Whatever the reason therefor may be,—emotional temperament, weariness with physical privation, bitterness of unrecognised talent, disgust with the ugliness of modern commercialism and industrialism, the subtle connection between freedom of thought and freedom of form (noted in the discussion of poetry), or all these things combined,—it is safe to venture the assertion that there are, and long have been, in France more revolutionists of various stripes among the artists than among any other class of the community engaged in liberal pursuits.

The great Courbet—to go no farther back—was a disciple of Proudhon. “Il avait,” to use the picturesque phrase of Jules Vallès, “du charbon dans le crâne.” The story of Courbet’s career of revolt—largely mingled with sheer legend, it is true, but even so scarcely more extraordinary than the reality—is world property. Courbet suffered imprisonment for his opinions, and had his pictures and household effects sold by the state.

Cazin, mildest of painters, was so involved in the Commune that he was forced to take refuge in London, where he supported himself by making artistic earthen jars. Eugène Carrière, whose simple, original, eminently human art is slowly conquering two hemispheres, is an outspoken antagonist of society as it is.

It is impossible for me to say whether a majority of the Impressionists hold (apart from their art, which has proved profoundly revolutionary) revolutionary views. It is currently known, however, that Pissarro, Cezanne, and Delattre hold, or did hold, such views; and the more prominent Neo-Impressionists have anarchistic leanings almost to a man. As to the social attitude of Maximilien Luce, Ibels, Paul Signac, Pissarro fils, Félix Vallotton, Francis Jourdain (present managing editor of Le Libertaire), and Van Rysselberghe, for example, there is no possibility of dispute.

Luce is the most typical living instance of the artist who is, as was Courbet, at once a striking figure in the art world and an influential personality in the revolutionary groups. Born and brought up in a working faubourg, which he still inhabits, Luce has an affection as genuine as it is ardent for the common people; and he has rendered, with disagreeable mannerisms and technical lapses, perhaps, but with truth, originality, robustness, and intensity notwithstanding, two classes of subjects which really make one,—the street and working life of Paris and the life of the lurid mining and smelting regions of Belgium and the north of France.

“Landscapist before everything,” says Emile Verhaeren, “Luce remains faithful to the tendency to sink in nature the immense strivings of human beings. The surroundings of men determine their existence and their history. In seeing these monumental and sinister chimneys and scaffoldings under the moon, these smoke-clouds which move towards the horizon like hordes, these fires which tear the night and seem to bleed like flesh, we think of the tortured humanity of which they express the suffering. Tracts of desolation and of tragic pangs, miseries kindled in space, mad vortexes of matter roundabout the voluntary activity which violates it, which subjugates it, and which it opposes,—all anguish and all fear are unveiled.”
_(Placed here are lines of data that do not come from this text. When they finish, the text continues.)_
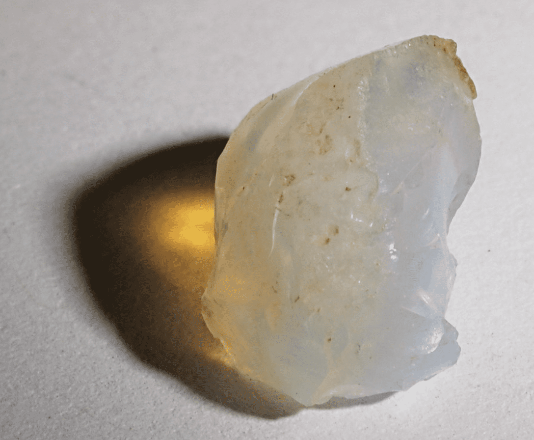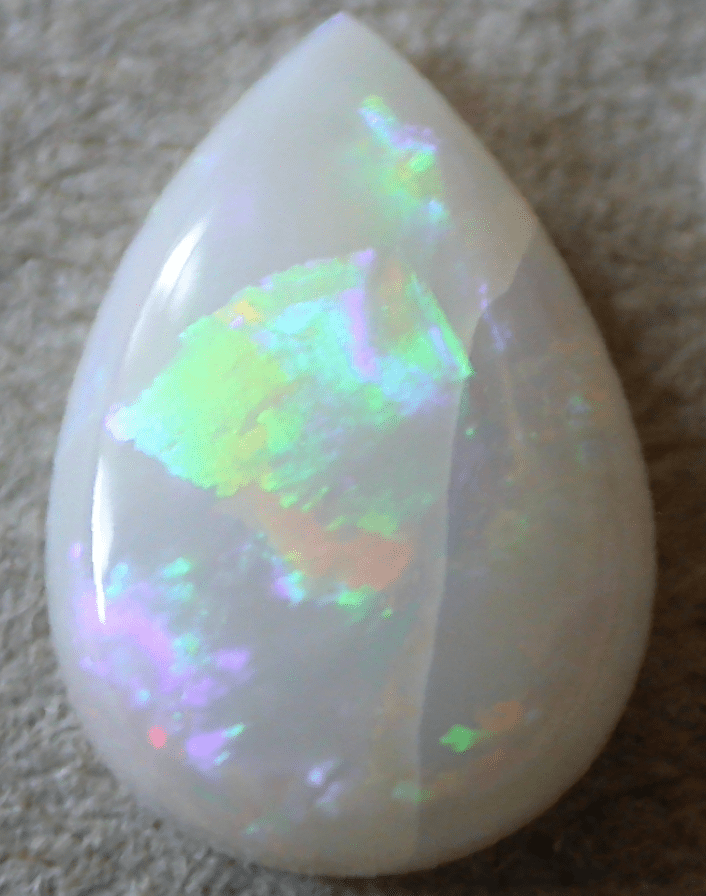 Opalescence is what’s often seen in common white opals. This gives it an iridescence or milky sheen. They are usually a milky translucent to opaque color.
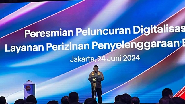 Hal itu disampaikan Sigit dalam sambutannya di acara grand launching layanan perizinan penyelenggara event di The Tribrata, Jakarta Selatan, Senin (24/6/2024). Peresmian digitalisasi layanan perizinan itu dihadiri oleh Presiden Joko Widodo (Jokowi) dan jajaran menteri Kabinet Indonesia Maju.
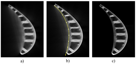 Figure 2 shows an example of creating a label without artifacts for a training sample. When manually preparing an ICT image (see Figure 2a) to remove artifacts, we fit the contour of the blade first (see Figure 2b) and then set the image outside the contour to zeros to remove artifacts (see Figure 2c).
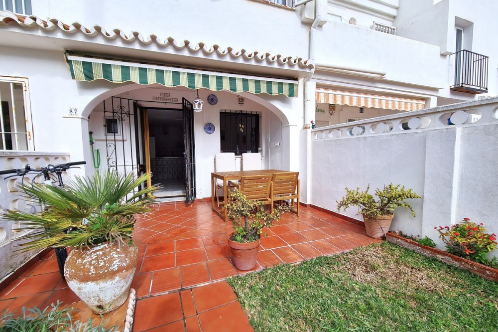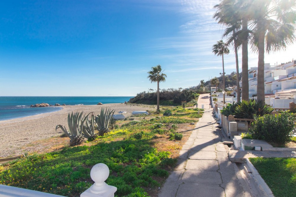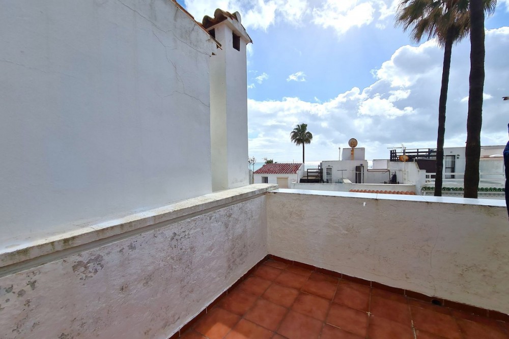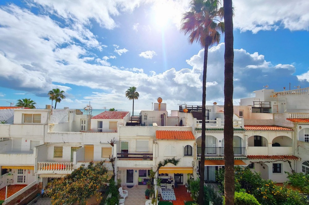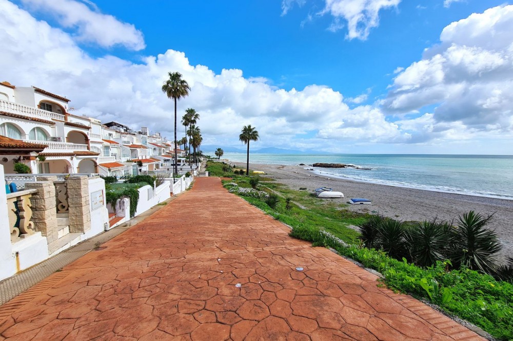 - FANTASTIC 2-BEDROOM TOWNHOUSE WITH PRIVATE GARDEN 50 METERS FROM THE BEACH!! The house is located on the second line of the beach, just steps from the beautiful coastal path that connects the entire Costa del Sol. Sabinillas and the prestigious Sotogrande are just a 5-minute drive away, where you'll find supermarkets, restaurants, and shops. The property is south-facing and has a beautiful private garden with a porch that serves as the entrance to the house, which is spread over two floors plus the solarium. On the ground floor, there is a living-dining room with a fully equipped open-plan kitchen and a guest toilet. On the first floor, there are two bedrooms: a master bedroom and a single bedroom, as well as a shared bathroom equipped with a shower. On the top floor, there is a solarium with partial sea views and a room that is currently used as a laundry room. The house enjoys beautiful gardens and a communal pool. A GREAT OPPORTUNITY TO EXPERIENCE THE LUXURY OF BEACHFRONT LIVING! WE RECOMMEND A VIEWING!
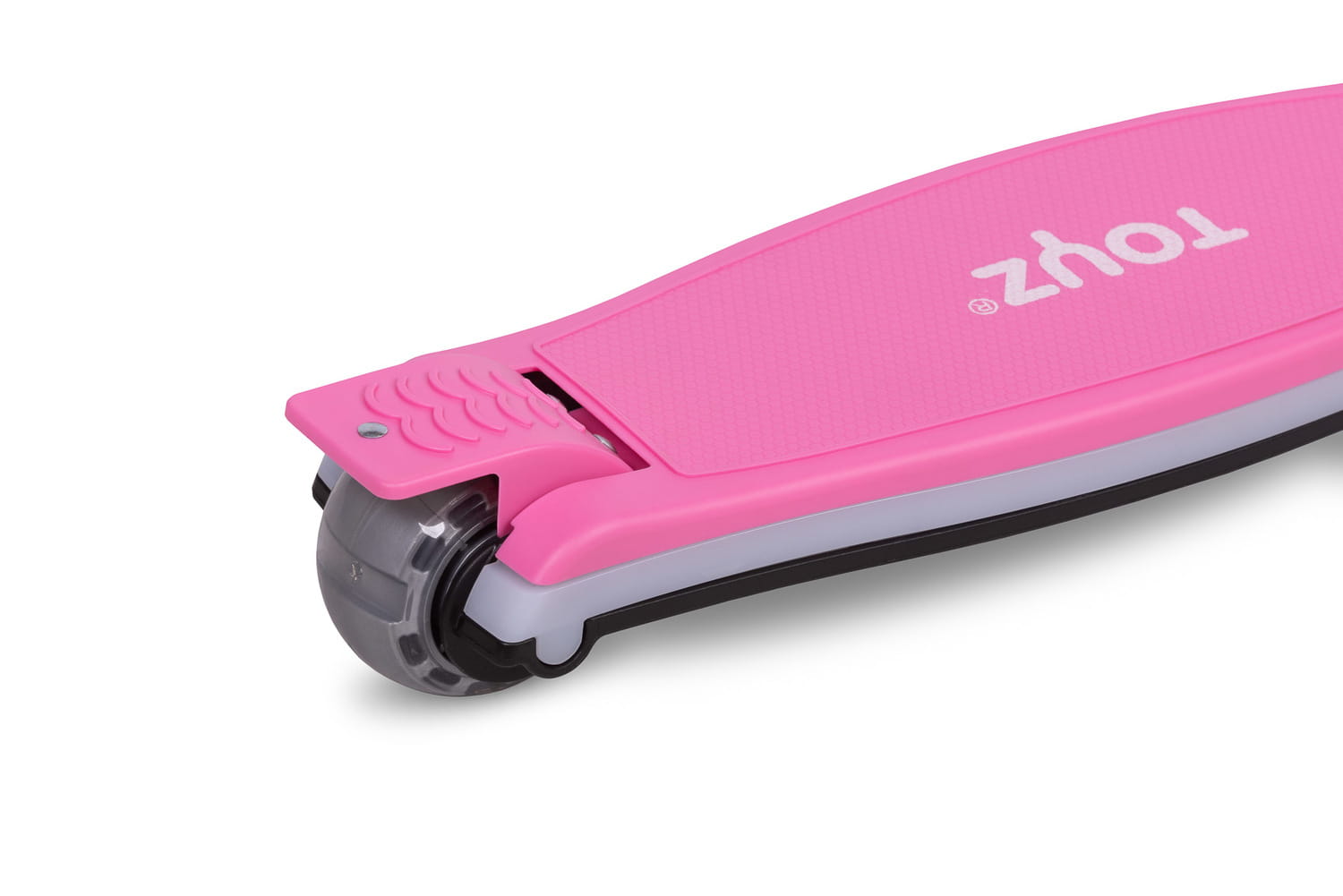 Dla większej frajdy z jazdy, hulajnoga została wyposażona w świecące kółka migoczące w ruchu oraz listwę LED zasilaną na baterie. Kolorowe efekty świetlne nie tylko zwiększają widoczność i bezpieczeństwo dziecka, ale także dodają ekscytacji każdej przejażdżce.
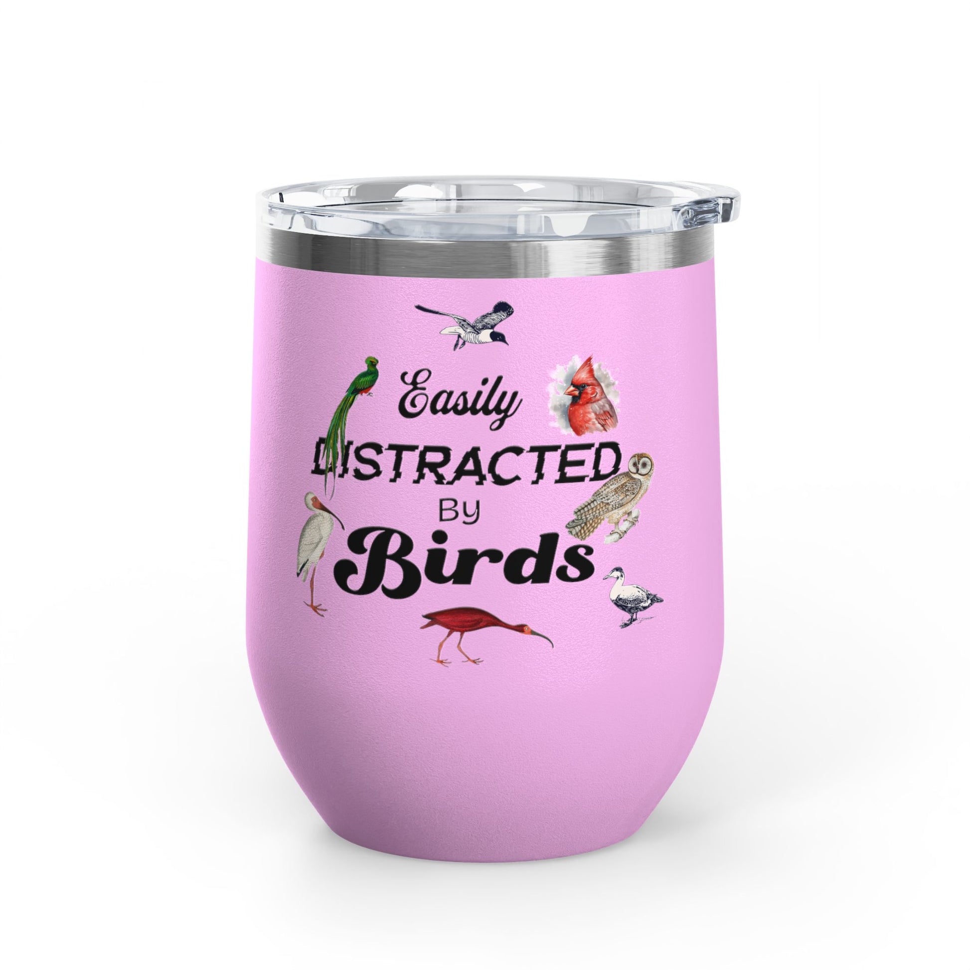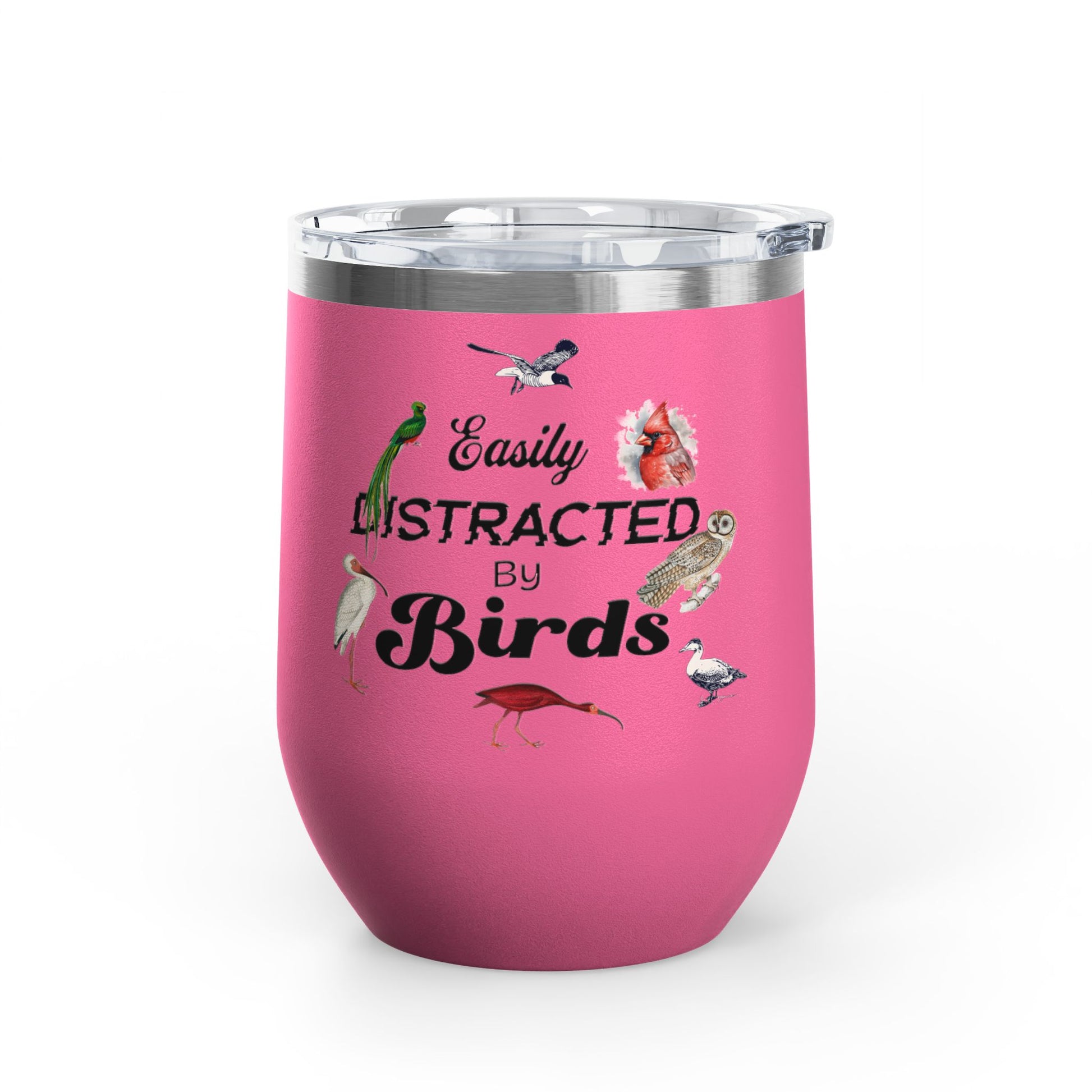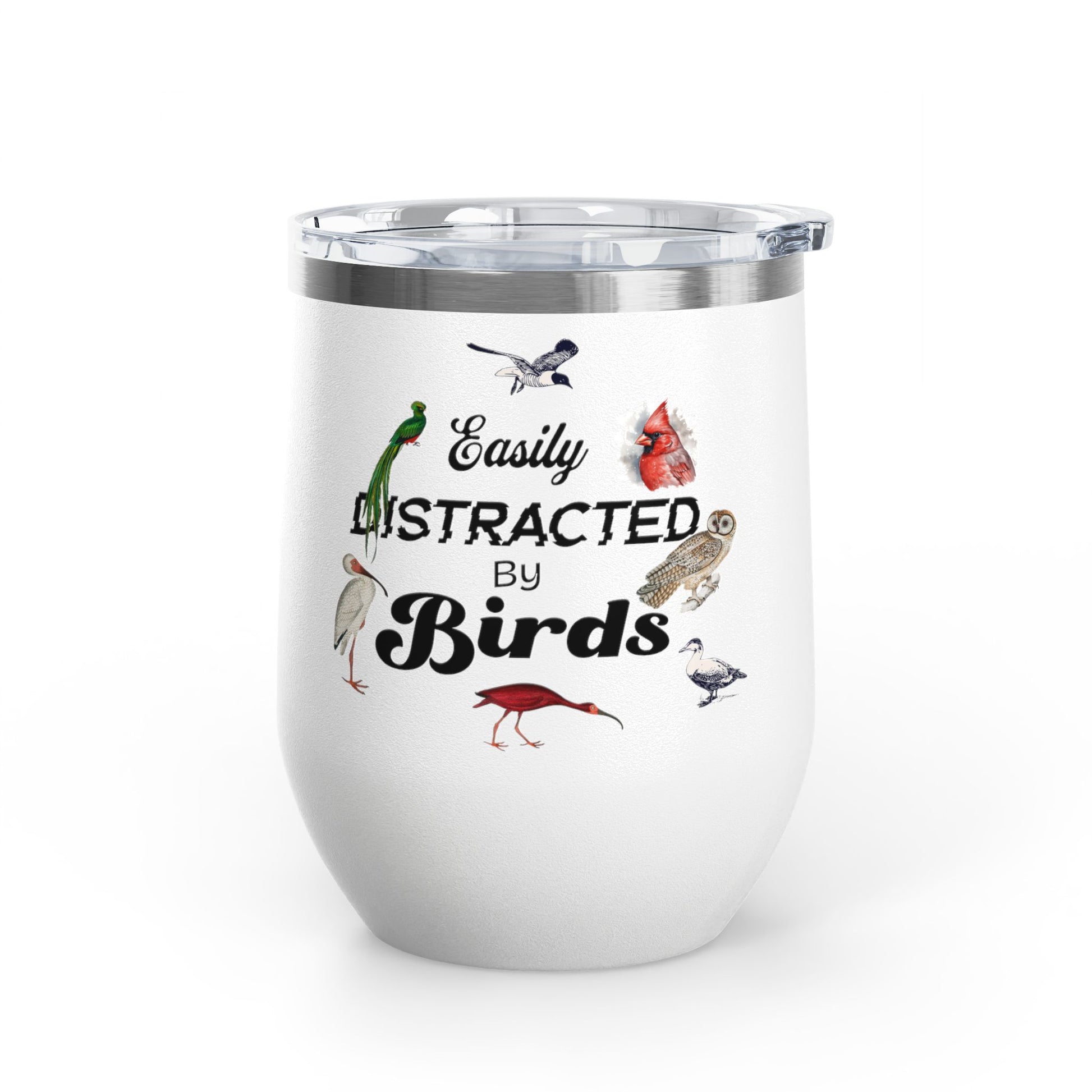 Easily Distracted By Birds Wine Tumbler - 12oz Insulated Mug for Bird Lovers

Paul Signac, after Luce and Seurat (deceased) the best known of the Néo-Impressionistes, enumerates as follows the influences which have led him to identify himself with anarchism:—

“I.The laws of physiology—the rights of the stomach, of the brain, of the eyes.
“II.Logic.
“III.Uprightness.
“IV.The sufferings of my fellows.
“V.The need of seeing happy people about me.”

It is certain that there are more revolutionary personalities in the seceding “Champ de Mars” than in the old, and so-called Official, Salon; and the various coteries of aggressive and often eccentric innovators, who hold themselves aloof from or are held aloof by these two salons,—coteries which correspond vaguely to the coteries of the jeunes poètes,—display, for the most part, pronounced revolutionary affinities. The Salon des Indépendants, whose motto is, “Neither juries nor awards,” and whose object is “to enable artists to present their works freely to the judgment of the public, without any outside intervention whatsoever,” has been from the beginning an anarchistic salon in every sense of the term,—an exhibition by revolutionary artists as well as an exhibition of revolutionary art. One has only to compare the names of its exhibitors with the names of those who have co-operated in the pictorial propaganda of the anarchist organ Les Temps Nouveaux, to be convinced of it.

It was not necessary that an Edwin Markham should write a “Man with a Hoe” for the world to recognise that the art of Millet—whether Millet so intended it or not—has a social significance. There are many living painters, about whose social attitude the public at large knows little or nothing, who, like Millet (if in less degree), feel and express so well, when they will, the benumbing influence of poverty, the hardness of the toil, or the meagreness of the joys of peasants and town labourers, that this expression is an indirect plea—no less eloquent than the most direct plea—for a redress of social wrongs.